Agama menjadi pelindung kaum penguasa dan bagi masyarakat menjadi alat kontrol prilaku menyimpang sesuai difinisi penguasa. Sehingga agama tidak lagi menjadi milik komunitas atau masyarakat suku tetapi telah menjadi milik penguasa.
Agama Spiritual
Tahap terakhir adalah agama spiritual, tahap ini dikatakan sebagai tahap puncak atau tahap pencerahaan terhadap berbagai mitos dan tabu agama. Banyak ahli juga menyebut tahap spiritual sebagai tahap demitologisasi, didekonstruksinya berbagai mitos suci untuk mendapatkan nilai-nilai kebijaksanaan di dalamya.
Semakin terbukanya berbagai tabu maka observasi terhadap dunia dan isinya smakin terbuka Ilmu Pengetahuan menjadi salah satu mercusuar di tengah kegelapan, tumbuhnya sikap-sikap rasional, empiris, kritis dan emansipatoris memberikan tekanan bagi kemapanan agama.
Pada tahap ini agama bertransformasi menjadi kekuatan pendamping bagi kerakusan manusia hedonis, pemikiran materialis, dan para pemangku modernis. Agama spiritual sebagaimana pandangan Robertson tidak lagi dimaknai secara tradisional, dilanjutkan dengan Cassanova, Kimball dan Amstrong memberikan penguatan bahwa agama spiritual mampu memberikan penerangan sebagaimana ilmu pengetahuan.

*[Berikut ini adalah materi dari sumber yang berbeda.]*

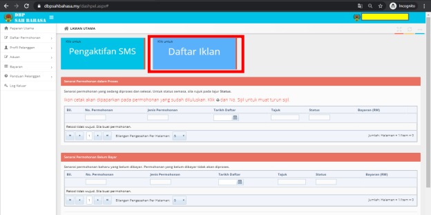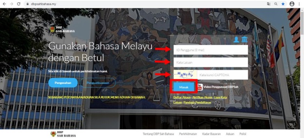 Step 1: Visit the Dewan Bahasa Pustaka (DBP) website to create an account, either for individual or corporate use.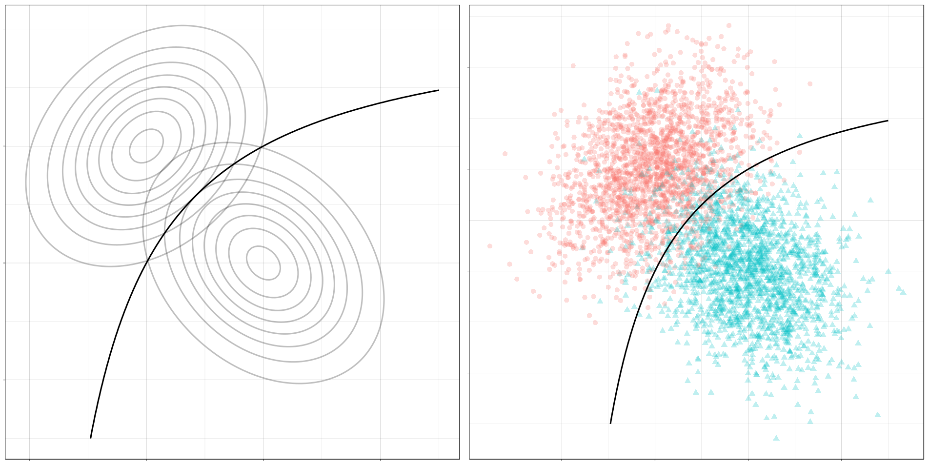 - Why? GDA는 이상치를 포함하여 확률 분포를 추정하고 결정경계를 결정한다면 LR은 loss식에 이상치가 있다라더라도 sigmoid를 통해 덜 민감하게 반영되기 때문에 강인하다고 볼 수 있다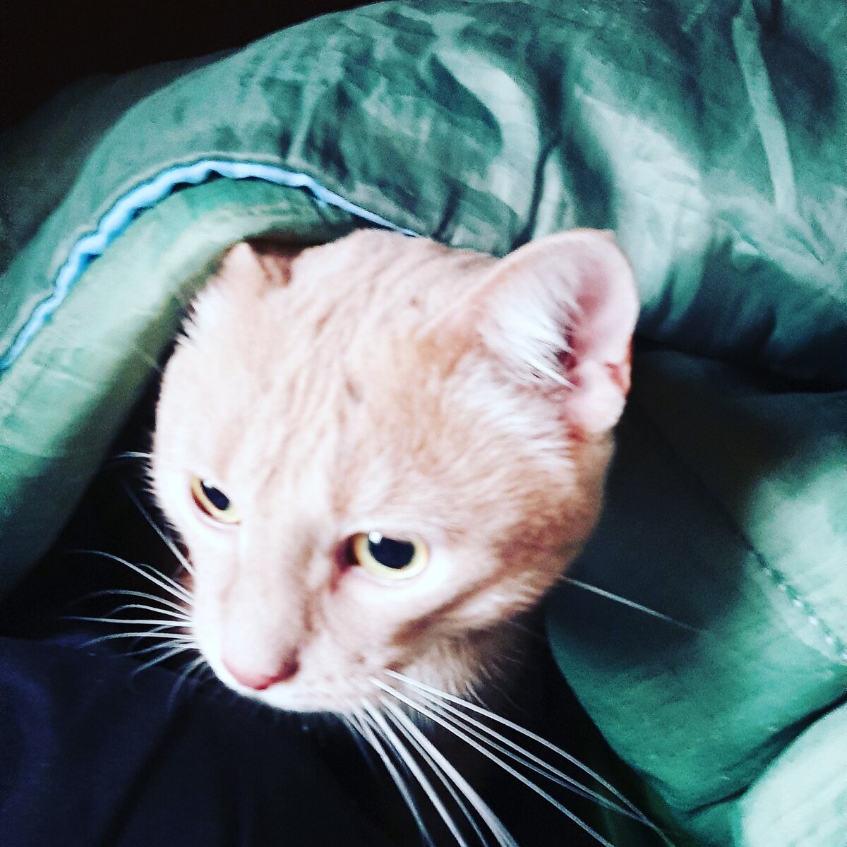 После того, как маленький бедный котик уснул в машине, мы боялись даже разговаривать. Ну как проснется, и опять голосить начнет? Не буди лихо, пока оно тихо. В бытовке кот долго отказывался покидать переноску. Мы занимались своими делами и особо не настаивали. Но через час Сашка занервничал. -Скизи, ну иди хоть бы водички попей! - Предложил он. Кот вылез через полчаса уговоров. Быстренько описал круг почета и спрятался в одеялах. Дождь лил как из ведра, и мы потихонечку тоже начали укладываться. Это же целая эпопея. Холодно, спим на матрасе в спальнике и еще одеяла сверху)) Пока все перетрясла, пока улеглись. Кот, конечно, заныкался в спальнике в самых ногах. -Какой кот у нас трусишка.- Сетовал Сашка. -Ага.- Соглашалась я. А потом наступила ночь... Кот заворочался в ногах и словно медведь по бурелому, не разбирая дороги, начал ломится к выходу. Наступил мне на горло, выбрался, издал вопль победителя и грозно сиганул с матраса в темноту. Сначала он пересчитал резиновые сапоги. Навер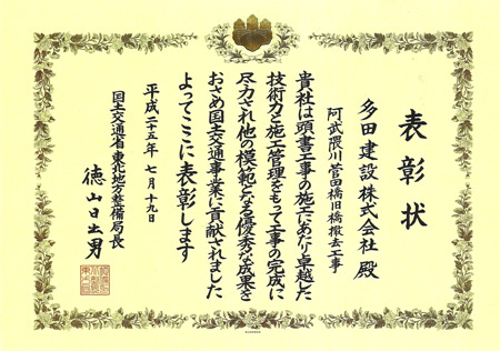 平成25年度 国土交通行政関係功労者表彰式にて、優良工事施工会社として 東北地方整備局長表彰を受賞しました。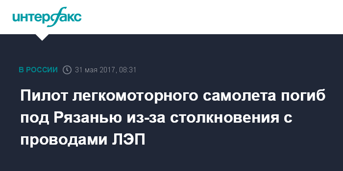 "Легкомоторный выполнял несанкционированный полет и в 15 км от Рязани столкнулся с проводами ЛЭП, рухнул на землю и развалился на части, пилот не выжил", - сказал собеседник агентства.

Agama spiritual adalah tuntunan ke arah penghargaan terhadap kemnusiaan sehingga menghindari dehumanisasi, penguatan bagi pencinta alam dalam pelestarian ekosistem, ideologi untuk memberikan perhatian bagi elit dalam memperhatikan kaum miskin dan marginal.
Inilah agama spiritual, menjadi jiwa bagi manusia, ayat-ayat untuk kebaikan dipublikasikan dan dijadikan alat pemersatu.